Quand on demande à un juriste pourquoi un automobiliste respecte la signalisation routière, il est bien rare que la réponse ne soit pas “C’est une obligation prévue par le Code de la route et sanctionnée, en tant que de besoin, par la force publique de la gendarmerie ou de la police”. Obligation-sanction : tel est le duo quasi-parfait qui définit pour beaucoup la règle de droit.

Interrogeons-nous un instant. Est-ce vraiment et uniquement a cause de la fameuse “peur du gendarme” que nous respectons,certes avec des variantes personnelles plus ou moins sensibles, selon les coutumes régionales, le Code de la route ? N’y a-t-il, du moins que cela ? Non, évidemment. Nous respectons cette signalisation, d’abord, par prudence : “griller un feu rouge” c’est éventuellement mettre sa propre vie en danger de mort. Nous la respectons aussi, parce qu’elle est le seul moyen efface de contrôler la circulation et donc de circuler. En deux mots : prudence et civisme.

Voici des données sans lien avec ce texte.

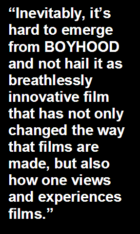 This is a work that will be talked about for years. The Austin-born Linklater has made a career of focusing on the microcosms of his everyday characters (from his introductory effort SLACKER to his 1970’s high school comedy DAZED AND CONFUSED to his BEFORE trilogy), but nothing on his past resume matches the sheer scope, ambition, and raw courage of his aesthetic choices in BOYHOOD. In order the cover the vastness of his main character’s story, Linklater has the same actor portraying the main character from his childhood to late teens. That’s right. No special effects. No
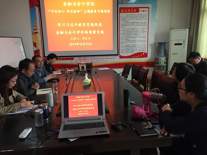 10月10日下午,beat365官方网站召开党委理论学习中心组(扩大)学习会议,以“学习习近平教育思想促进金融与会计学科高质量发展”为题,由院长黄良杰作专题发言。学院班子成员、各党支部书记、教研室主任和教科研秘书参加了学习会议。
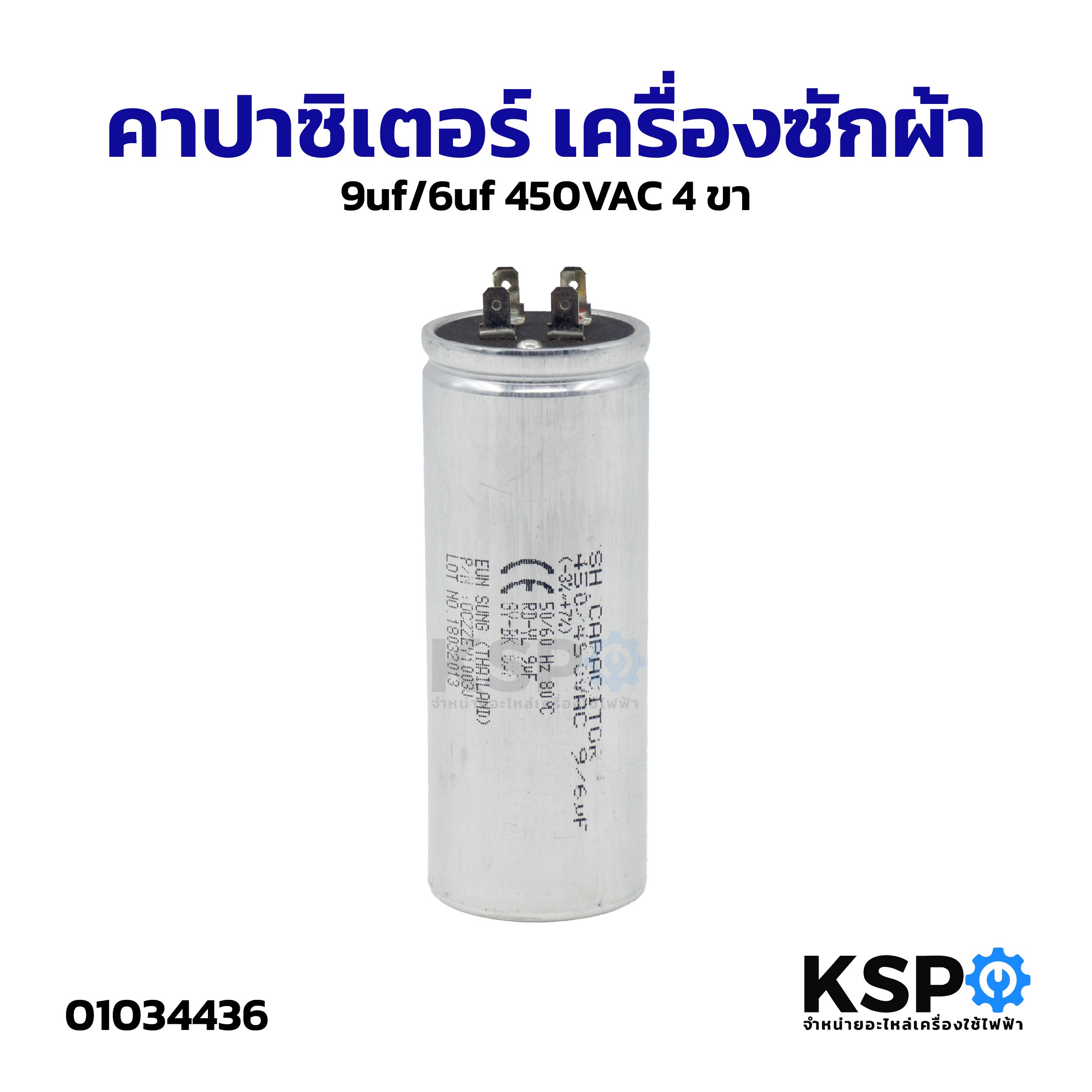คาปาซิเตอร์ เครื่องซักผ้า 9uf/6uf 450VAC 4ขา อะไหล่เครื่องซักผ้า

Prenons un autre exemple. celui du droit de la famille. Le code civil énonce que, sauf dispositions contraires, les époux vivent sous le régime de la communauté. Les règles de celle-ci sont méticuleuses et précises. Pour autant, dans la vie quotidienne, les époux vivent-ils le Code civil à la main en train de savoir si tel bien leur est propre ou commun ? Non encore. Un couple forme vraiment une communauté de pot et de toit, comme disaient les anciennes coutumes. S’il y a concordance entre leurs pratiques journalières et le droit, c’est plus parce que le droit s’inspire de leur vie et qu’il ne dirige leur vie.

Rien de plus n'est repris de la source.